My question, perhaps badly timed and in an unfriendly medium like writing, which is the poor companion of live speech, I rely heavily upon a technique, to point out perhaps the overly obvious, our deeply entangled with everything language games. Is it a hopeless knot or can we unravel it?
My obsession with location is not about real estate, but about the Ever Present Origin! Questions of the whereabouts of things is of crucial importance to actors, writers and poets. Inside or outside? Size or shape? Percept? Concept? There are space related questions but what kind of space?.
Outside is real, in our culture, inside is subjective and in deficient mental discourse, unreal. Madness or sanity. This is an area that Gebser tracks well as does Shakespeare who’s leading characters are moving from Mythic-Magic to a very shaky Perspectivalism.
A dramatic example is from Macbeth, moving towards the bed chamber of the King, whom he intends to murder. He pauses to reflect upon the workings of his own mind in turmoil.
“Is this a dagger which I see before me,
The handle toward my hand? Come, let me clutch thee.
I have thee not, and yet I see thee still.
Art thou not, fatal vision, sensible
To feeling as to sight? or art thou but
A dagger of the mind, a false creation,
Proceeding from the heat-oppressed brain?”
I’m very interested in the space in between, or what the conditions of possibility could be. Philosophers are also interested in the inside/outside conundrum.
Tim Ingold, anthropologist, comments about our creative entanglement, in some carefully crafted metaphors. I like this passage-
“Whichever image we prefer, what is crucial is that we start from the fluid character of the life process, wherein boundaries are sustained only thanks to the flow of materials across them. In the science of mind, the absoluteness of the boundary between body and environment has not gone unquestioned. Over fifty years ago, the pioneer of psychological anthropology, A. Irving Hallowell, argued that ‘any inner-outer dichotomy, with the human skin as boundary, is psychologically irrelevant’ (1955: 88), a view echoed by the anthropologist Gregory Bateson in a lecture delivered in 1970, in which he declared that ‘the mental world – the mind – the world of information processing – is not limited by the skin’ (Bateson 1973: 429). Much more recently, philosopher Andy Clark has made the same point. The mind, Clark tells us, is a ‘leaky organ’ that will not be confined within the skull but mingles with the body and the world in the conduct of its operations (Clark 1997: 53).
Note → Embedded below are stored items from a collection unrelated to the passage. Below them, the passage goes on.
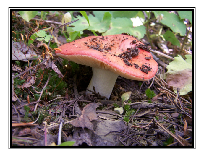
Russulas are mycorrhizal fungi that associate with a slew of hosts. There are upwards of 200 species of Russulas in North America. Identifying them beyond genus is usually quite difficult based on morphological traits alone. Photo 8/13/2008.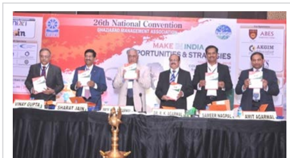
Chief Guest releasing the souvenir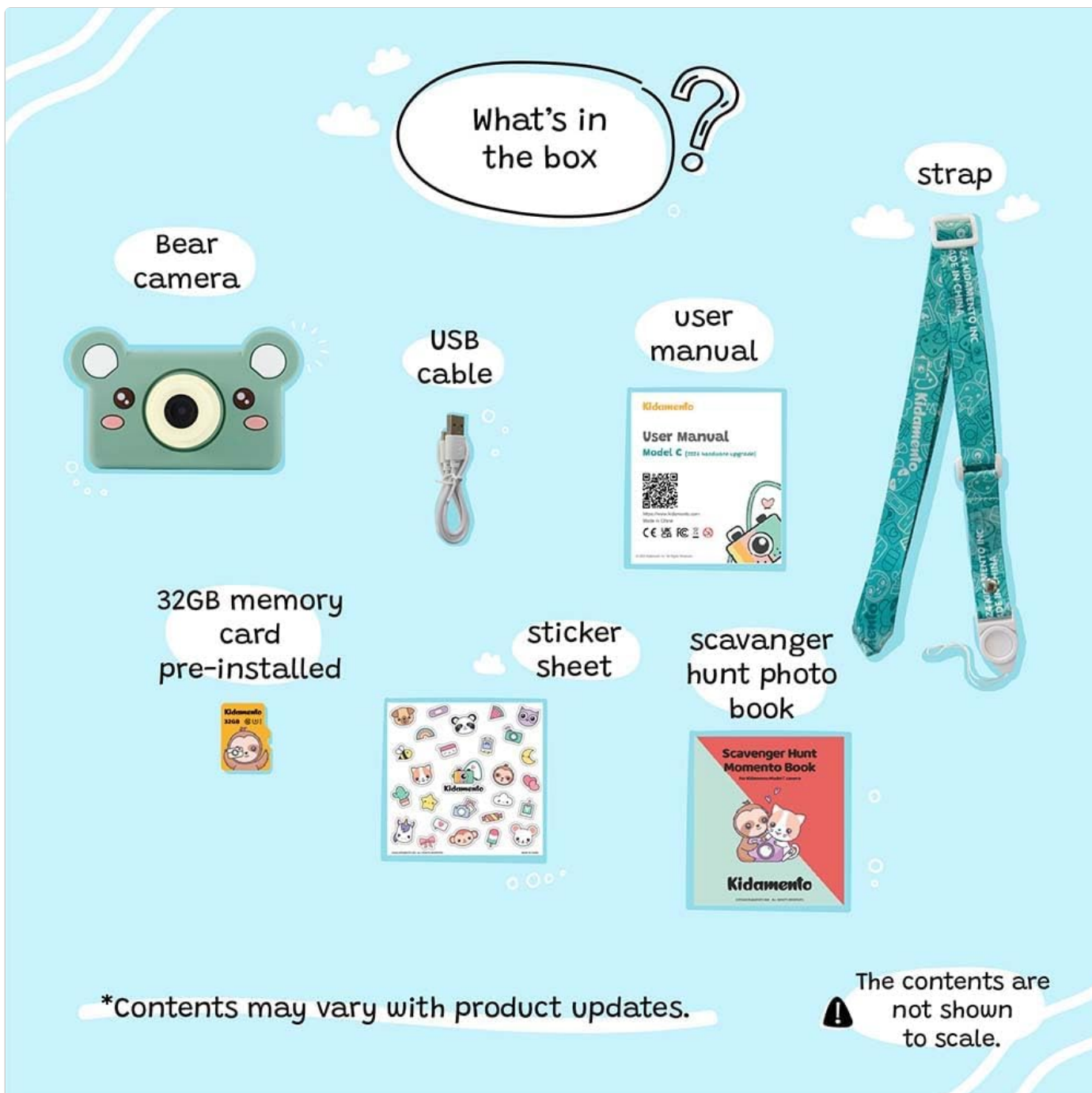
Image: All items included in the Kidamento Model C camera package.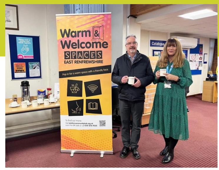
One of our first Warm and Welcome Spaces.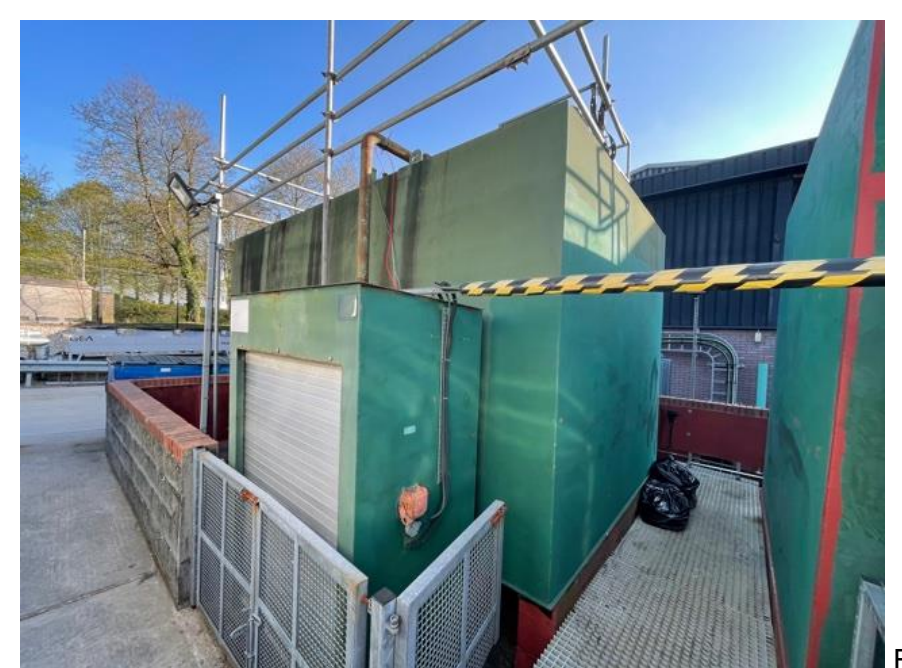
Fig 1. Exterior from South West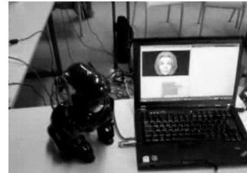
Figure 2: Greta and the Aibo dog.

We have described an architecture for Greta, an expressive ECA. Our system can generate listener behavior while interacting with the user. The video ( http://www.tsi.enst.fr/~niewiado/AAMAS_09/video1.avi ) shows the interaction between the human speaker and Greta in the role of the listener. In the video one can see Greta sending backchannel signal in reaction to user behavior.

More strictly, he should have said that the skull is leaky, whereas the mind is what leaks!”
The hodge podge of what you call my psychic content, Marco, is not that far removed I think from what Shakespeare’s characters were dealing with. My main interest is how do groups sponsor novelty. Crafting questions that are a good fit is a primary concern for moving that agenda forward, an agenda that I believe is at the heart of what visionary and realist and critic, like the three stooges, are stepping on each others toes, to accomplish.
Like little kids on a long journey in a car ask every five minutes," Are we there yet? Are we there yet?"
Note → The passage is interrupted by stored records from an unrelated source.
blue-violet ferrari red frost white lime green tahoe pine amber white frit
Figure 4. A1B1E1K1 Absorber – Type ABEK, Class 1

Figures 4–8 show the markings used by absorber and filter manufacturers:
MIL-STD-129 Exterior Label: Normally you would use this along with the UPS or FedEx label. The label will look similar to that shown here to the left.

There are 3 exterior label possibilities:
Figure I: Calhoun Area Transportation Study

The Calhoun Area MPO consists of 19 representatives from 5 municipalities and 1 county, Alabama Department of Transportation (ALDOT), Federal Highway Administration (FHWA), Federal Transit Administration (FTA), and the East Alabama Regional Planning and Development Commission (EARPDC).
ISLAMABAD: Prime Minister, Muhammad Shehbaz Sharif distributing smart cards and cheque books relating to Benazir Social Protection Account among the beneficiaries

The Blob is coming after us.
Death is the Mother of Beauty…is a beautiful line.
Death is the Father of Beauty…doesn’t work.
Metaphors draw upon our experience which always involves a place. Metaphors, that introduce novelty, are not arbitrary
May I ask, solely as a matter of interest and clarification, John, what differences in meaning and nuance do you have in regard to “location”, “place”, and “space”? Overlaps are definitely there – at least in my mind – yet there are significant distinctions to be made, don’t you think?
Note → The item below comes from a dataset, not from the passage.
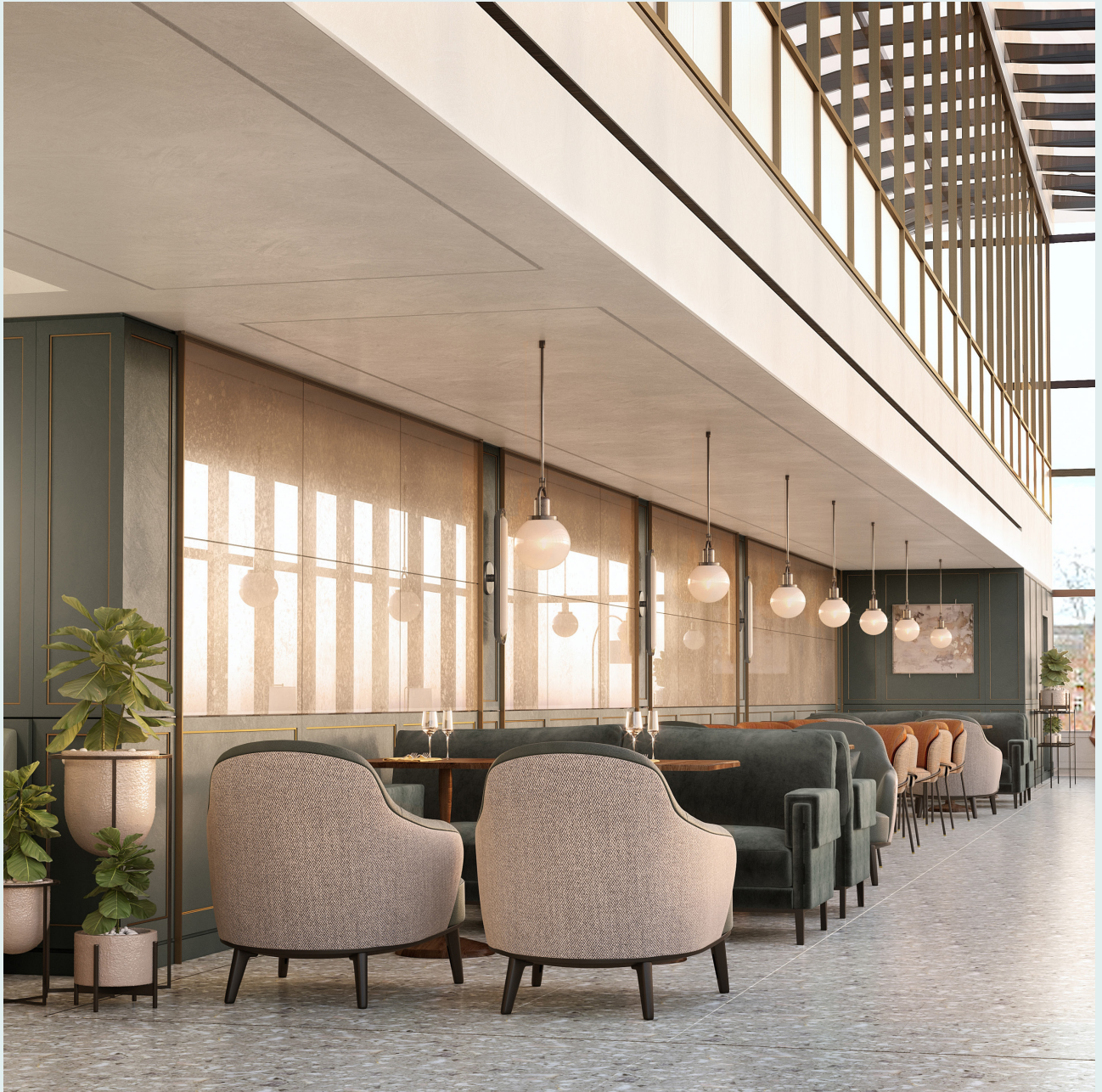
Member's Club Lounge

Super question, Ed. I know you asked John, but for grins and giggles take this shot-from-the-hip for what it’s worth:
(Of course there is overlap among the following.)
Let’s put location on the hypothetical grid by which we pretend to conquer the immensity of ‘space-as-quantity’. Location will always be relative to whatever we (arbitrarily) decide x=0, y=0, z=0 to be, but it will (have to) do as a reference.
Let’s say place is the amorphous “seat” of our moods and apprehensions - as in ‘place of serenity - or of anxiety (“I’ve got a bad feeling about this, Obi-wan…”)’. Place then ‘travels’ with us (leaving aside our on-going investigations of whatever the heck “consciousness” means - i.e., I realize I just made some kind of individual center a requirement here…).
This leaves space (as-quality!), where people make connections and “groups sponsor novelty” - where “places” meet, if you will, and where languages (metaphors, symbolisms, concepts) are essential.
Again giving him the benefit of a very large doubt, I am beginning to read Sloterdijk’s hearts and faces and mesmerism and discarded Withs as examples of how people used to deal with space-as-quality, as opposed to what he calls a “Modern Age” moving away from this altogether in order to make space a quantity and the individual the autonomous and even autarkic “outside observer.”
I (think I) see it. As we must believe something, let us set out in what we see (from “here”) as a positive direction. As humans, we reserve the right to make adjustments as we go along.
@achronon and I talked a little about this yesterday: “What do you believe?” I asked Ed (much more long-windedly): How do you believe in belief? This got us into the “pure heart of nihilism,” which led to the positing of a “negative nothing” and a “positive nothing,” and the virtues and limits of the practice of metaphysics, and ruminations on an ecology of writing.
Regarding “quality time”: I liked the article, and it’s true there is no substitute for putting in the hours. One of the painful things about being a parent, or a writer, or anything I’m committed to, is that I simply wish I could spend more time on it. I believe quantity will naturally lead to quality.
Somewhere else, @johnnydavis54 said, “time can be our ally.”
And yet, some fake Buddha meme generator said: “The problem is, you think you have time.”
Ed also (indirectly) asked me, “What do you want to be when you grow up?”
Are we there yet, indeed!
RECORDING NOW AVAILABLE
This is the 6th of 9 live conversations with Metapsychosis Journal’s “Readers Underground” reading group for Peter Sloterdijk’s Spheres Trilogy, Volume 1: Bubbles.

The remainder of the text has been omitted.